資産と負債は、それぞれ流動と固定に分けられます。前回の流動比率で書いたように、流動資産は流動負債で対応するというのがセオリーです。
となると、素直に考えれば固定資産は固定資産で対応するというふうに考えることができます。
流動資産を流動負債で割ると流動比率という指標になりました。
勘のいい人は、
“ということは、固定資産を固定負債で割ったら固定比率かな?”
と予測するでしょう。
しかしそれは間違い!
固定比率は、固定資産÷自己資本という計算式なのです。
以下のパターンを考えてみましょう。
お店を始めるために、店舗に使う建物を1000万円で購入しました。これは資産の有形固定資産という科目に計上されます。
固定資産に建物1000万円が入りました。左側の資産に1000万円が計上されると、右側の負債・純資産にも1000万円が計上されます。
負債・純資産側は「どのように資金を調達したか?」ですので、先ほどのA~Dのパターンで考えてみましょう。
まずAの「1000万円全額を短期借入で調達」した場合はこうなります。
1年以内に返さないといけないお金に1000万円が追加されてしまいました…。そんな短期間に払い切れるかな…。これはかなり苦しい…。

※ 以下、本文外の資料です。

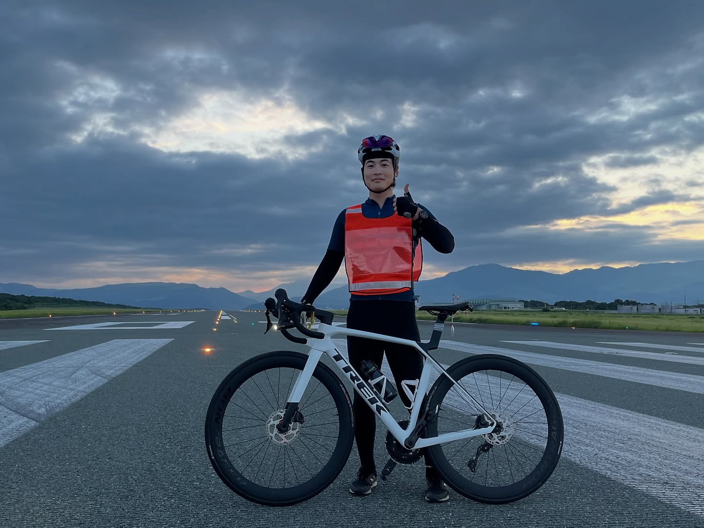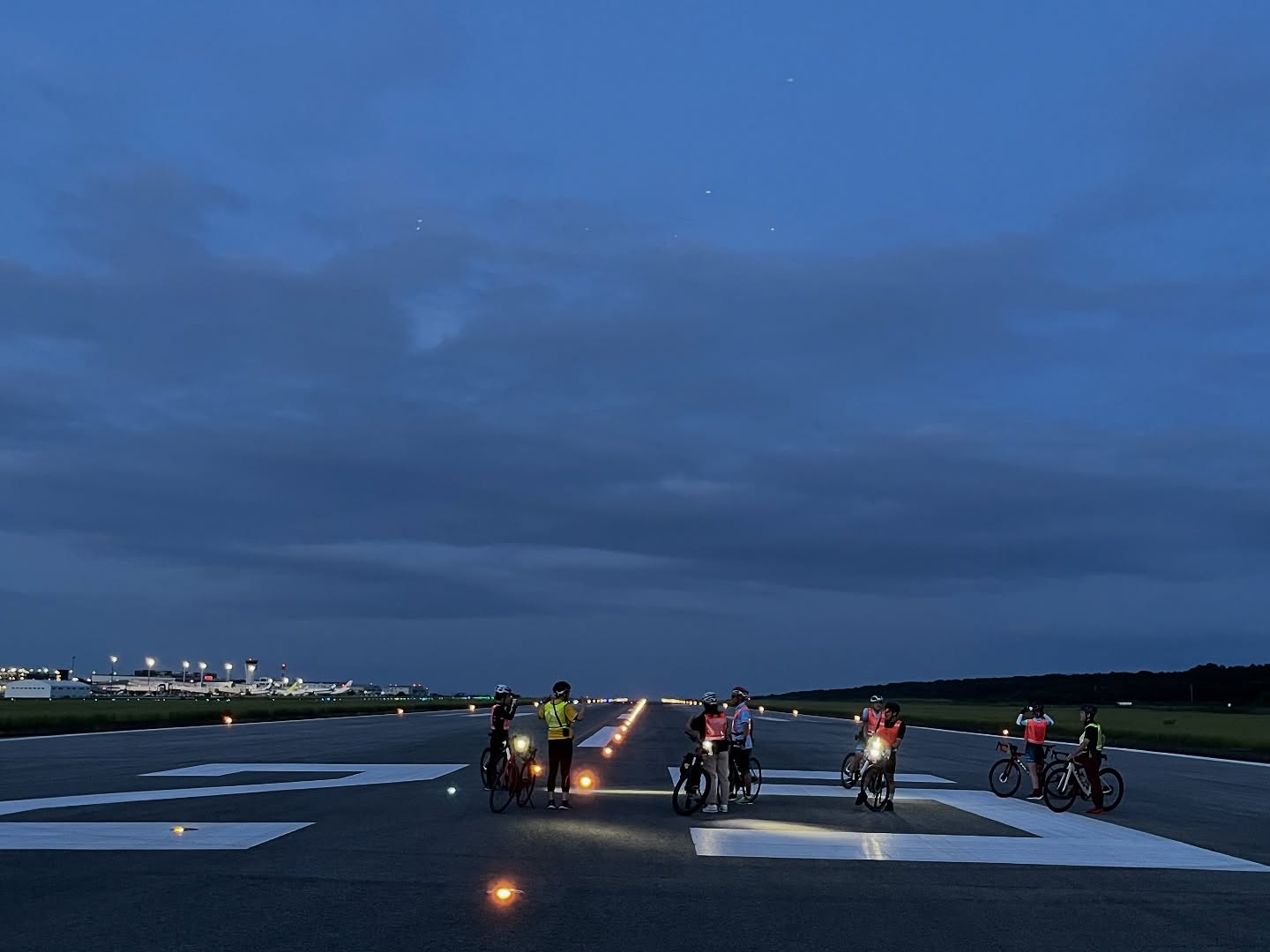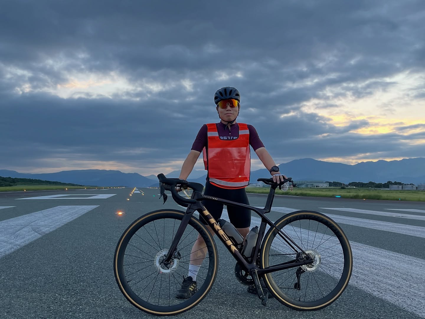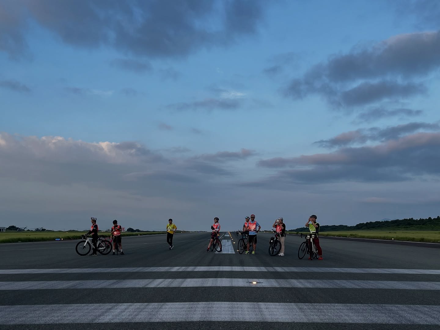 大型機が離発着する全長3000m、高低差12mのランウェイを風を切って駆け抜ける最高のライドとなりました。
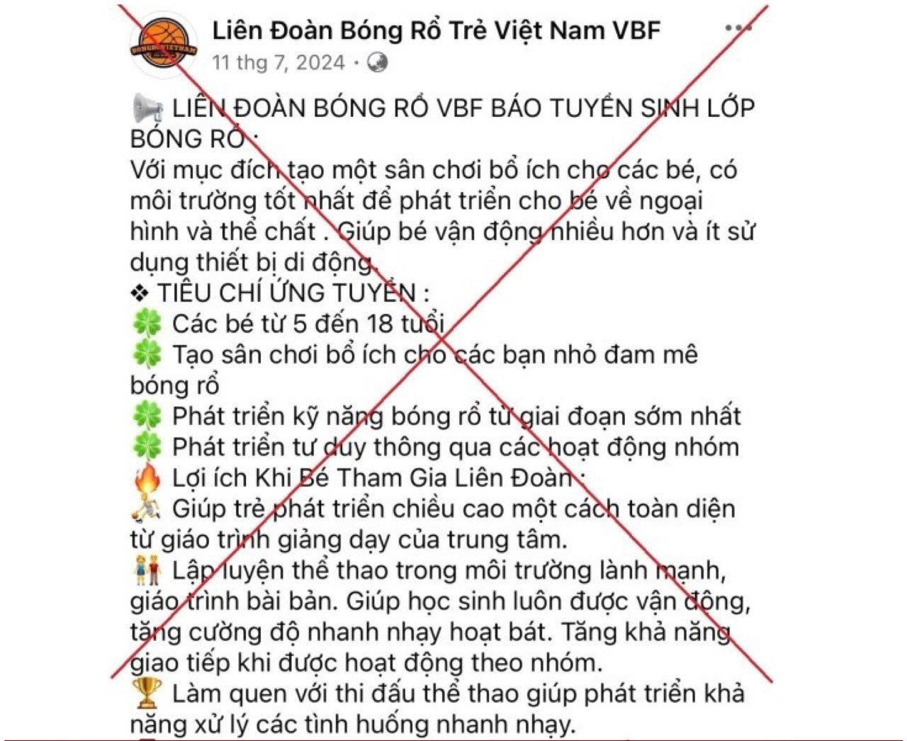 Thời gian qua, trên mạng xã hội Facebook xuất hiện các tài khoản giả mạo “Liên đoàn bóng rổ Việt Nam VBF” thông báo tuyển sinh các lớp bóng rổ nhằm lôi kéo người dân…

次はBの「1000万円全額を長期借入で調達」したパターン。
仮に1000万円を10年間で完済するという契約で借りたとすると、1年で100万、1ヵ月に8万3000円くらいずつ返していけばよさそうです。月に9万ずつ稼げば返済していけます。頑張って商売を成り立たせなければなりませんね。
続いてCの「全額を自己資金でまかなった」パターン。
建物購入にかかった1000万円をすべて自己資金でまかなっているわけなので、これは誰にも返済する必要がありません。万が一お店が立ち行かなくなっても、少なくとも建物の借金を背負うことはなさそうですね。かなり安心です。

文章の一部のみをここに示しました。